▶ Given entries
※

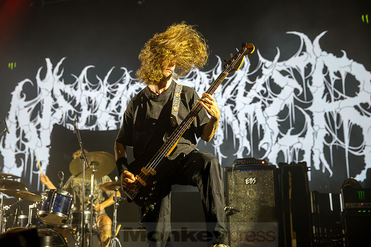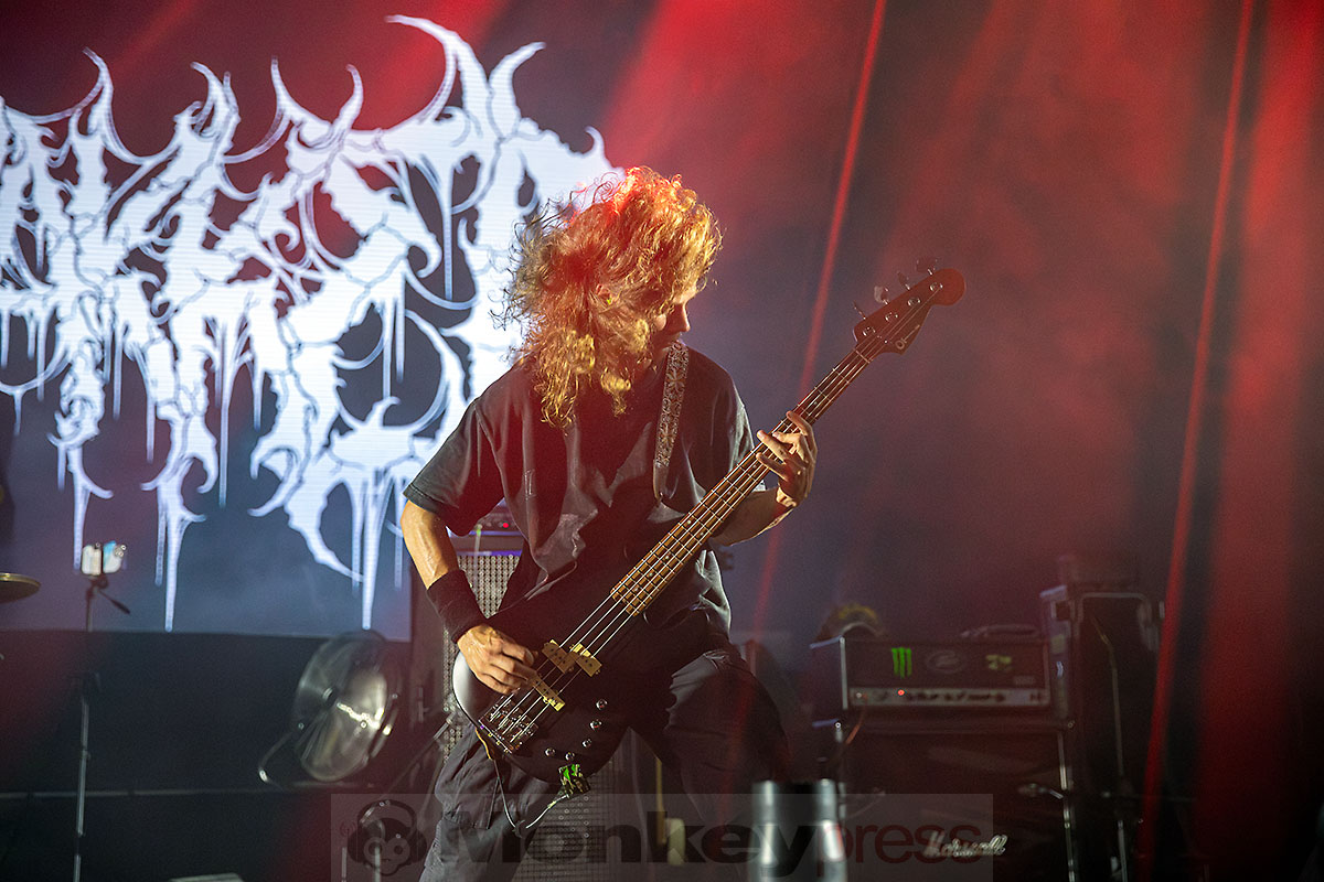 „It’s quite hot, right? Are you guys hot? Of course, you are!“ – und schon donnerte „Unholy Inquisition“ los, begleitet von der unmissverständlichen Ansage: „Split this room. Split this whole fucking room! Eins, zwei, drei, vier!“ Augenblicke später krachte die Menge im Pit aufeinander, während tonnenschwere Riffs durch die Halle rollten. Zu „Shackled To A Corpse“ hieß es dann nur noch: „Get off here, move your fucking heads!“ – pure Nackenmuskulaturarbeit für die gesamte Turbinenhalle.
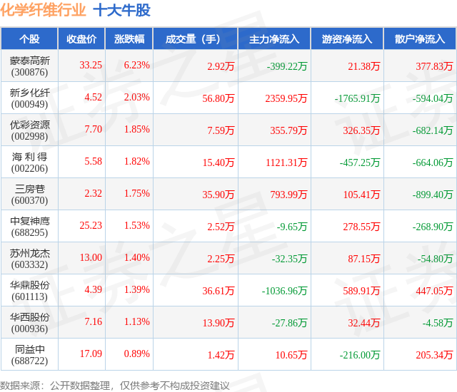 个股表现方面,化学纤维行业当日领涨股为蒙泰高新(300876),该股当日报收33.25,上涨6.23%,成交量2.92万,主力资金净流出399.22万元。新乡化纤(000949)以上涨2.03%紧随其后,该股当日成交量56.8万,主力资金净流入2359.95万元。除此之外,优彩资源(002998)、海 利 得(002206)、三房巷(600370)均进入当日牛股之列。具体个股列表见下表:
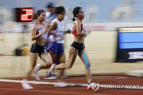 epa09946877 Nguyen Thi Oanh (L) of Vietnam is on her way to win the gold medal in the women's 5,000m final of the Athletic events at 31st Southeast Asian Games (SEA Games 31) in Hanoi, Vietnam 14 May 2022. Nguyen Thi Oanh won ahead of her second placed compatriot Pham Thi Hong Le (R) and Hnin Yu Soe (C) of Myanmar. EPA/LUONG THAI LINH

※

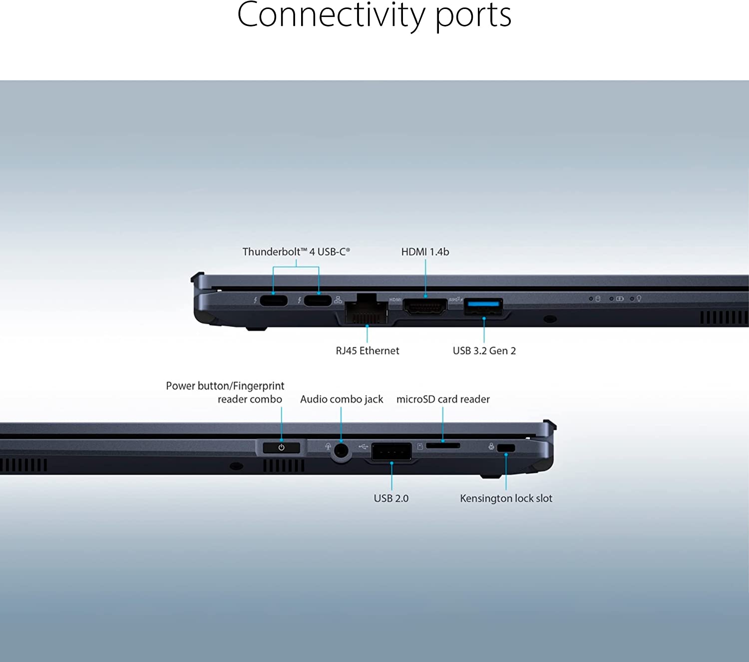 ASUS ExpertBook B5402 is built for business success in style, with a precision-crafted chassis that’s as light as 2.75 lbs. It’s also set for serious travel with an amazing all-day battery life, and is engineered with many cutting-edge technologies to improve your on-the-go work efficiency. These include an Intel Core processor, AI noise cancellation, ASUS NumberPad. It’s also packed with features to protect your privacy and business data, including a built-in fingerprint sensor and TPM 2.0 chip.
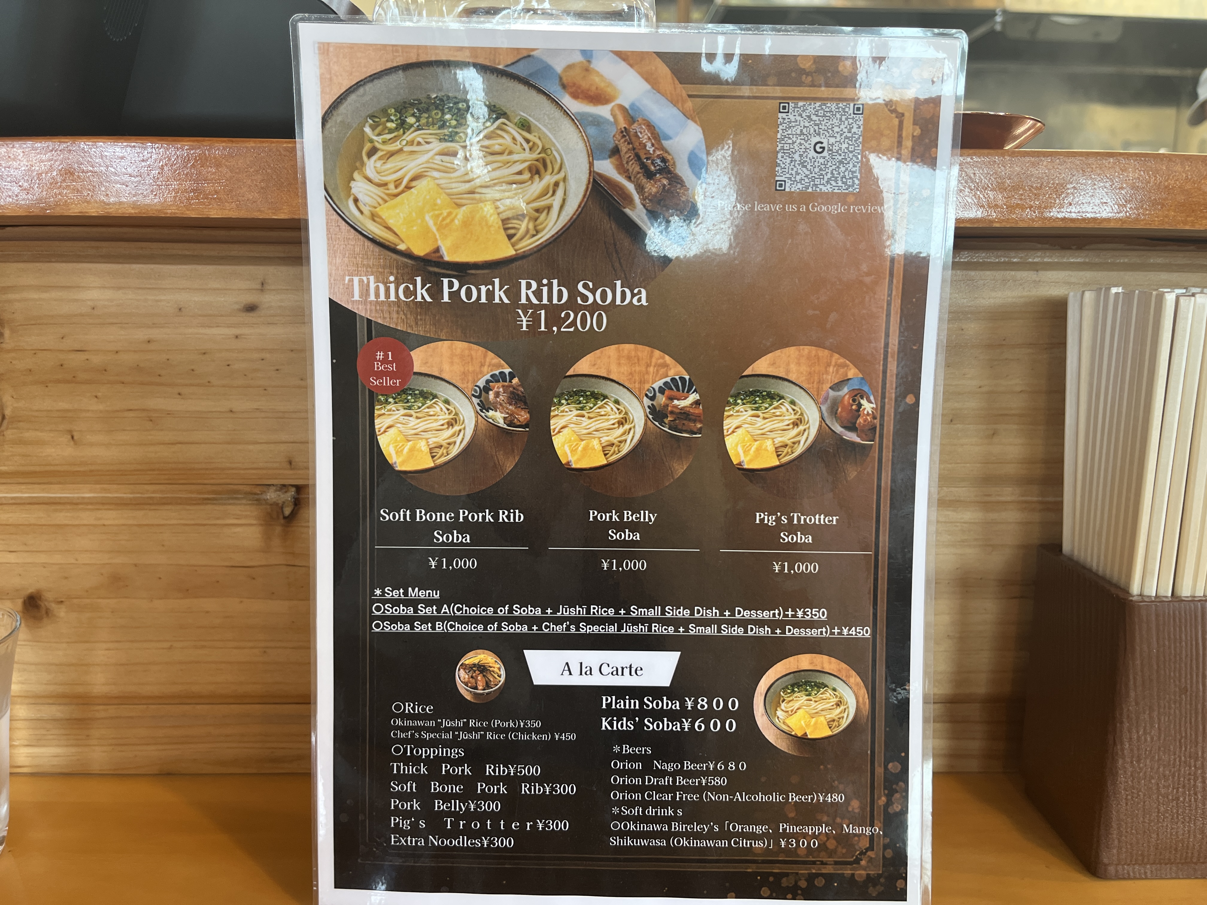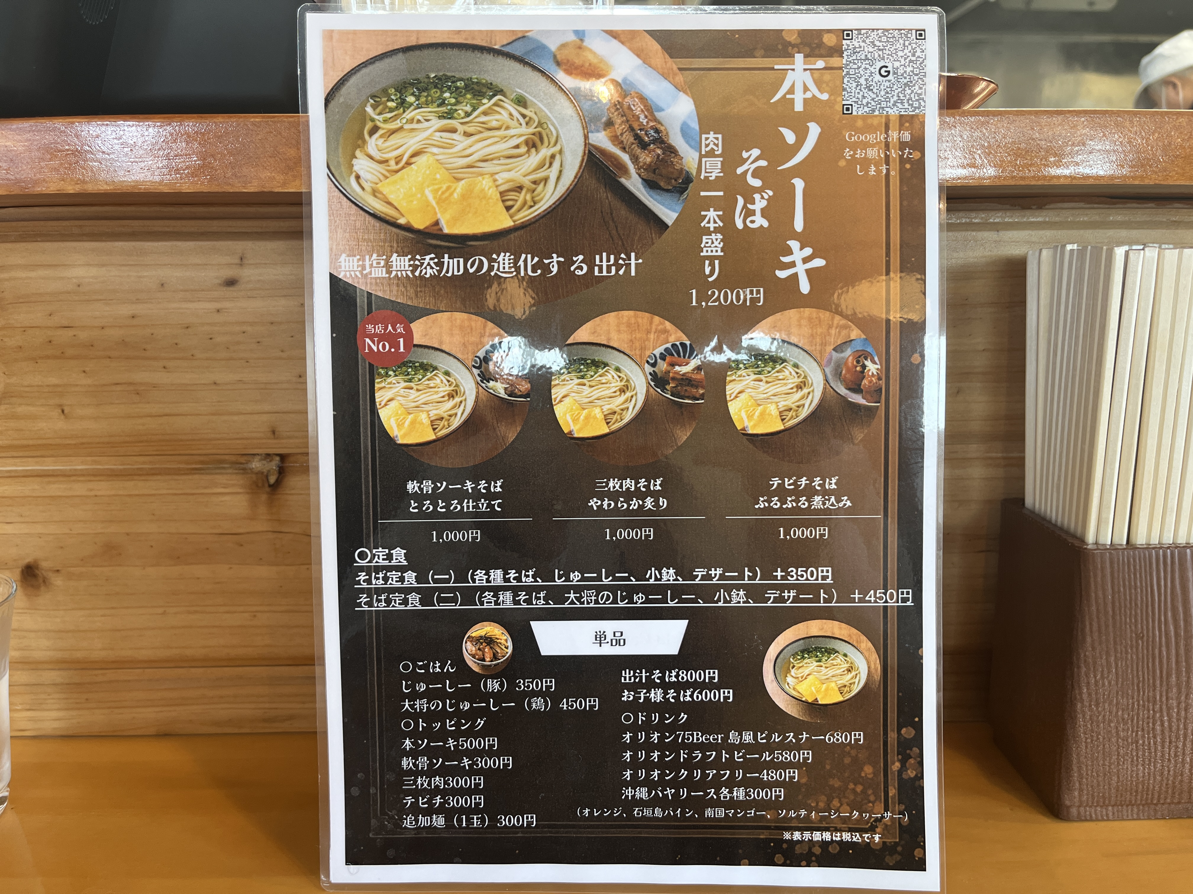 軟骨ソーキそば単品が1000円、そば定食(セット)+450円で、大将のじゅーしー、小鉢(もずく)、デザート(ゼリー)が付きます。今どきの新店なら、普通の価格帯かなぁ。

※

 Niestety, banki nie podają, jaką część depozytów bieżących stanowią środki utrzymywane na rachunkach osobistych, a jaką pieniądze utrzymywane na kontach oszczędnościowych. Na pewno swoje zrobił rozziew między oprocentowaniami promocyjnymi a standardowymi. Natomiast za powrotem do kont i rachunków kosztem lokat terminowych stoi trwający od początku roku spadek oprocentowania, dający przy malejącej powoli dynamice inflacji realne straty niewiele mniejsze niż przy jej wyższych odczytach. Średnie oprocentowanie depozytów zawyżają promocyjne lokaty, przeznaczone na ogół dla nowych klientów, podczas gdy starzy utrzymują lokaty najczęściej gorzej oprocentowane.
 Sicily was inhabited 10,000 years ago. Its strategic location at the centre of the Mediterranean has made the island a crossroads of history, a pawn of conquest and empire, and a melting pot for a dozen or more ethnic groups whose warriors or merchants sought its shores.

※

What you give back should be exactly the lines of the data above from the line with "Niestety, banki nie" through the line with "Sicily was inhabited", both of those included, and nothing more.

 Niestety, banki nie podają, jaką część depozytów bieżących stanowią środki utrzymywane na rachunkach osobistych, a jaką pieniądze utrzymywane na kontach oszczędnościowych. Na pewno swoje zrobił rozziew między oprocentowaniami promocyjnymi a standardowymi. Natomiast za powrotem do kont i rachunków kosztem lokat terminowych stoi trwający od początku roku spadek oprocentowania, dający przy malejącej powoli dynamice inflacji realne straty niewiele mniejsze niż przy jej wyższych odczytach. Średnie oprocentowanie depozytów zawyżają promocyjne lokaty, przeznaczone na ogół dla nowych klientów, podczas gdy starzy utrzymują lokaty najczęściej gorzej oprocentowane.
 Sicily was inhabited 10,000 years ago. Its strategic location at the centre of the Mediterranean has made the island a crossroads of history, a pawn of conquest and empire, and a melting pot for a dozen or more ethnic groups whose warriors or merchants sought its shores.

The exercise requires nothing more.